Reflections on life, meaning and purpose

Vatican Refuses to Halt Display of Serial Abuser’s Art

ROME (ChurchMilitant.com) – Despite widespread public outcry, the Vatican is refusing to halt the display of artwork created by Fr. Marko Ivan Rupnik, a Jesuit celebrity artist accused of sexually abusing at least 25 nuns.

Rupnik image showcased by Pope Francis in June

A meeting attended by some of the top officials from the Vatican Dicastery for Communication concluded that there was nothing to prevent the continued use of Rupnik’s mosaics, French Catholic media La Croix reported on Monday. 

The dicastery officials said the work should stand on its own merits and be delinked from the personal life of the artist.

A heated debate erupted on social media after faithful Catholics objected to the Vatican News website posting images by Rupnik in its “Saint of the Day” section, which lists saints in order of the Church’s liturgical calendar. 

The website administrators chose to use an image by Fr. Rupnik to depict St. Irenaeus, triggering outrage among Catholics. The Dicastery for Communication swiftly removed the offending post from its Twitter feed but reposted the image later in the day. 

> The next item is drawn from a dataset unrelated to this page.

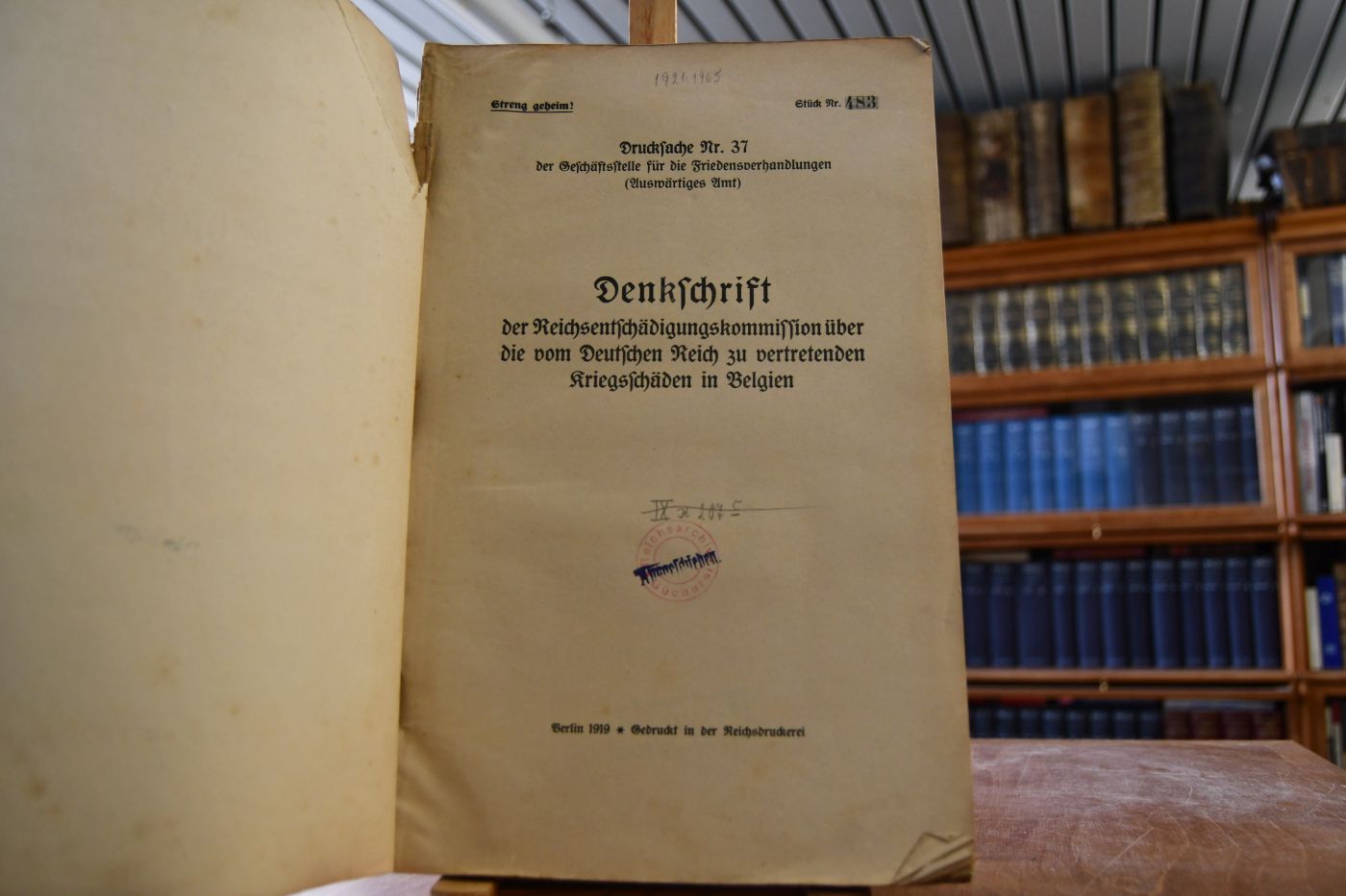 Beschreibung Einband berieben, bestoßen, angeschmutzt, mit Einrissen und fleckig. Rückdeckel lose, Rücken mit Verlust. Mit aufgeklebter Aktennummer des Reichsarchivs auf dem Vorderdeckel. Teilweise eselsohrig. Papierbedingt gebräunt. Das Exemplar ist als "Streng geheim!" gekennzeichnet.

“To understand why the Dicastery for Communication is covering up and defending Marko Ivan Rupnik, one need only look to Dario Edoardo Viganò, a well-known careerist capable only of cutting and sewing letters, and Nataša Govekar, a creature of the Slovenian artist,” the Italian website Silere non Possum commented. 

Dr. Nataša Govekar, a member of the Aletti Center cofounded and headed by Rupnik until recently, is director of the theological–pastoral department at the Dicastery for Communication.

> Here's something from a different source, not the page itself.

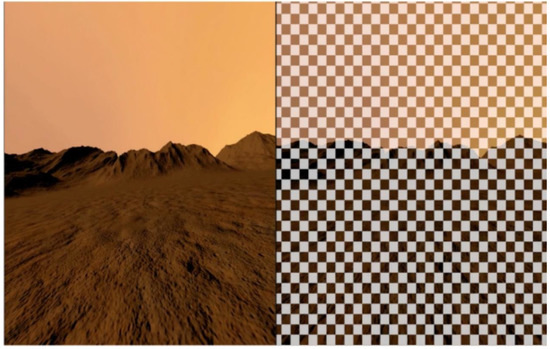 Left: virtual scene of a Martian environment (VR). Right: the virtual Martian scene with the optokinetic stimulation shading layer superimposed (VR + DOS).

Father Viganò, an Italian presbyter, film critic and communication theorist, was the prefect of the Dicastery for Communication from 2015 to 2018. 

It tells the women religious who were victims of this toad, we don’t care about you.

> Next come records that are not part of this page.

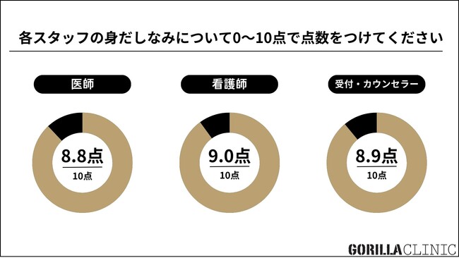その結果、医師・看護師・カウンセラーの全カテゴリーで、平均9点という非常に高い評価を得られました。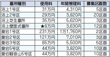 ※沼上2号区以外の墓所は、返還墓所の再募集です。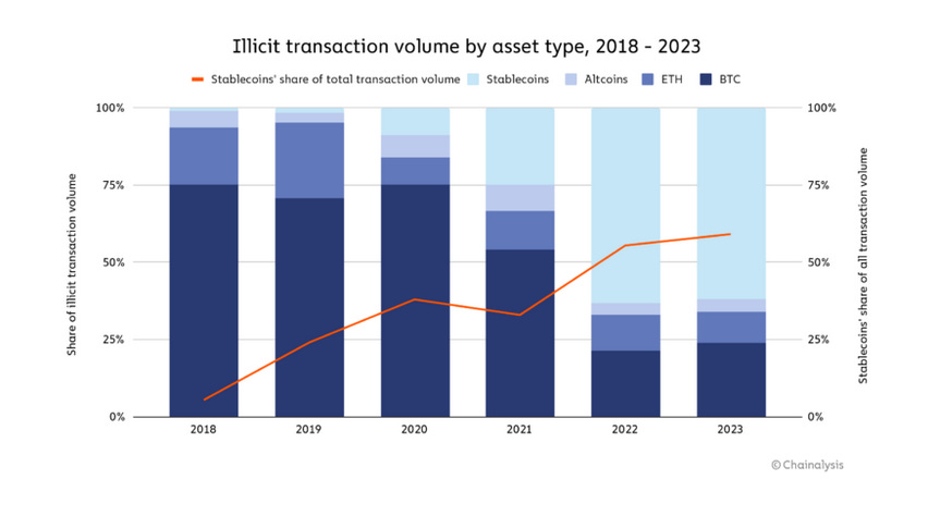 According to blockchain analysis firm Chainalysis’s annual crypto crime report there were roughly ~$24.2B worth of cryptocurrency transactions in 2023 used for illicit purposes like ransomware or evading sanctions. That’s ~0.34% of overall cryptocurrency transaction volume, down from ~0.42% in 2022. Roughly ~2/3rds of those transactions were done using stablecoins, particularly Tether (USDT) on the Tron network.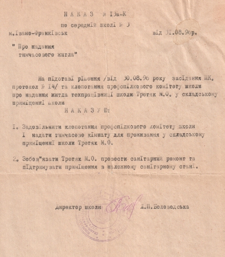 Вісімнадцять років тому у 1996 році технічній працівниці Івано-Франківської школи № 3 Мирославі Третяк надали для проживання кімнату в окремому одноповерховому будинку, який знаходиться у дворі цієї школи (до цього Мирослава Онисівна декілька років проживала у самій будівлі школи). Надавали це житло офіційно: 30 серпня 1996 р. на зборах профспілкового комітету школи вирішили звернутися до адміністрації школи із клопотанням про вирішення житлової проблеми Мирослави Третяк, а 31 серпня 1996 р. директор школи Лариса Біловодська підписує наказ про „надання тимчасово кімнати для проживання у складському приміщенні школи Третяк М.О.” (так зазначено у самому наказі), а саме в тому одноповерховому будинку.

Several sources interviewed by La Croix denounced a “conflict of interest” that would force the Vatican media to provide a minimum service on this delicate matter, the French media reported.

Multiple priests objected to the Vatican’s continued use of the artwork. 

 

“Not immediately chipping off Rupnik’s infantile oeuvres is one thing. Continuing to use pictures of them for official Church communication is disgusting,” Fr. Michael Clark, an artist, musician and priest of the diocese of Bridgeport, tweeted

“It tells the women religious who were victims of this toad: we don’t care about you,” Clark added. 

There is no reason we can’t all stop sharing Rupnik’s art electronically.

“I get it if a church can’t afford removing mosaics tomorrow, but there is no reason we can’t all stop sharing Rupnik’s art electronically for catechetical or devotional purposes today (many other options exist in these cases),” Fr. Matthew P. Schneider commented

“The idea that Rupnik is a great artist is simply not true, and to those asserting he is, we understand you: you are attached to the ideology that Rupnik represents,” Fr. Alexander Lucie-Smith, a British moral theologian and commentator, remarked.

Rupnik preparing sketches for a mosaic

“That this high-minded concern for his work is nothing to do with its quality, which is, forgive the technical language, rubbish. It’s about money — the cost of removal and the cost of replacement. And who would pay?” Fr. Mark Elliott Smith, a composer, musician and priest of the Ordinariate of our Lady of Walsingham asked.  

“I think it is better to go after sin than the art sinners produce. Caravaggio’s paintings inspire millions, yet he was a rotter. Let’s focus on rooting out the obvious villains. And then lambast Rupnik’s art not because he produced it but because it isn’t really all that good,” Fr. Ed Tomlinson, also an ordinariate priest, noted

Earlier in June, Pope Francis sparked a storm after showcasing the artwork of Rupnik, a close friend and fellow Jesuit. Francis used a Rupnik icon of Mary to send papal greetings in a brief video message to the XVI Marian Congress in Aparecida, Brazil, Church Militant reported

The video, shot on a mobile phone in the papal apartments, was posted on the Vatican News website and YouTube on Friday. Vatican News referred to the video but did not attribute the icon to Fr. Rupnik.

Explaining the symbolism in the Rupnik mosaic, the pope added, “And she goes down, with the hands of the Virgin that serves as a ladder. It is Mary who brings us to Jesus. She became the possibility, the ladder, for this descent of Jesus, who is God, and brought it to us.”

The Society of Jesus expelled Rupnik on June 9 after the Jesuit continued to violate the restrictions placed on him by his superiors. A statement from the Jesuits said that the priest was dismissed by decree “due to stubborn refusal to observe the vow of obedience.”

(Nataša Govekar is featured along with Pope Francis and Rupnik in the title picture.)